■ Dataset entries:
========================

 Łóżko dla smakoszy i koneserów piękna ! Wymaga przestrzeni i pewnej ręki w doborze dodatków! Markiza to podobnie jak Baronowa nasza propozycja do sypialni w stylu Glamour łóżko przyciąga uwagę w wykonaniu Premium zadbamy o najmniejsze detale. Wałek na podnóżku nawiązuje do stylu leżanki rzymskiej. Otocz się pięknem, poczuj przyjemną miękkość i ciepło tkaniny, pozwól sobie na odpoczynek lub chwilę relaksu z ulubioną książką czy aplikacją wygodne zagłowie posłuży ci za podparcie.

========================

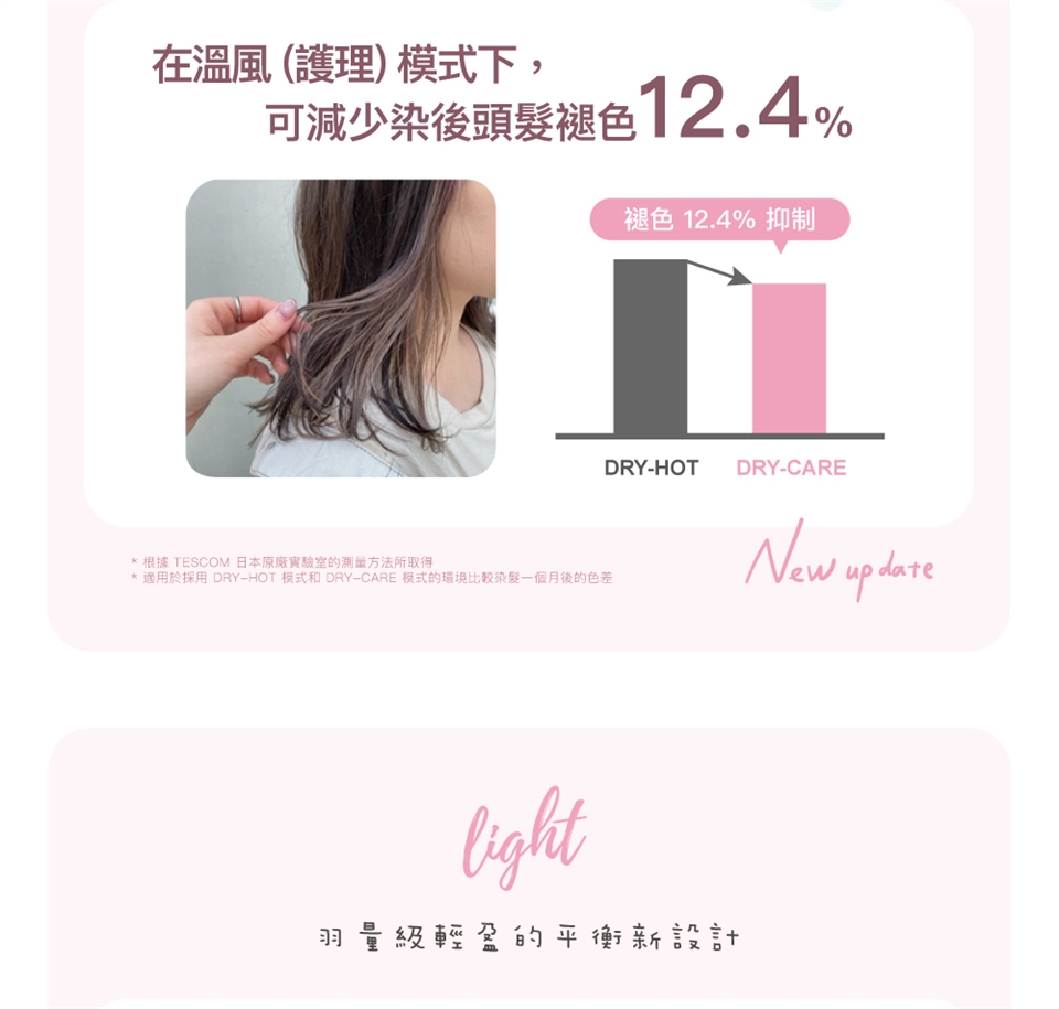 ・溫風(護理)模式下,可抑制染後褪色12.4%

========================

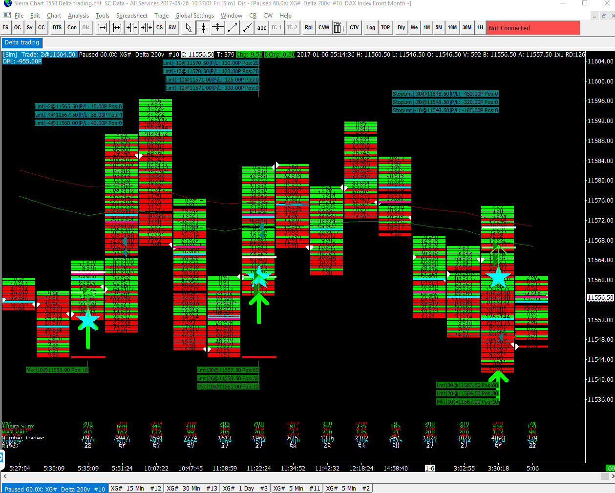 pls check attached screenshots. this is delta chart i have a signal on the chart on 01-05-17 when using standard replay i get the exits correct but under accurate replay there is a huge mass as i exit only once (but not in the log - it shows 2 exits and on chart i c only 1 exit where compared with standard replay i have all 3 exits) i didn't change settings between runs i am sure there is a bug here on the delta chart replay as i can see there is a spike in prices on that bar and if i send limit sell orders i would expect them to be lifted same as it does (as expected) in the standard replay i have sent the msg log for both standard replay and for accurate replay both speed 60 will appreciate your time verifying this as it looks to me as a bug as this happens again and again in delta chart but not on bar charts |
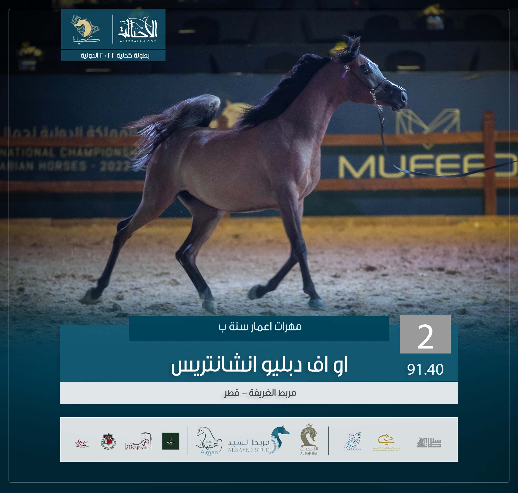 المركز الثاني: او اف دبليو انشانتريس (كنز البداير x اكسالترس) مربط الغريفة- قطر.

========================

Although pictures appear among the records above, none are to be output; print exactly the lines from the line containing "pls check attached" through the line containing "المركز الثاني: او".

■ Response below:
 pls check attached screenshots. this is delta chart i have a signal on the chart on 01-05-17 when using standard replay i get the exits correct but under accurate replay there is a huge mass as i exit only once (but not in the log - it shows 2 exits and on chart i c only 1 exit where compared with standard replay i have all 3 exits) i didn't change settings between runs i am sure there is a bug here on the delta chart replay as i can see there is a spike in prices on that bar and if i send limit sell orders i would expect them to be lifted same as it does (as expected) in the standard replay i have sent the msg log for both standard replay and for accurate replay both speed 60 will appreciate your time verifying this as it looks to me as a bug as this happens again and again in delta chart but not on bar charts |
 المركز الثاني: او اف دبليو انشانتريس (كنز البداير x اكسالترس) مربط الغريفة- قطر.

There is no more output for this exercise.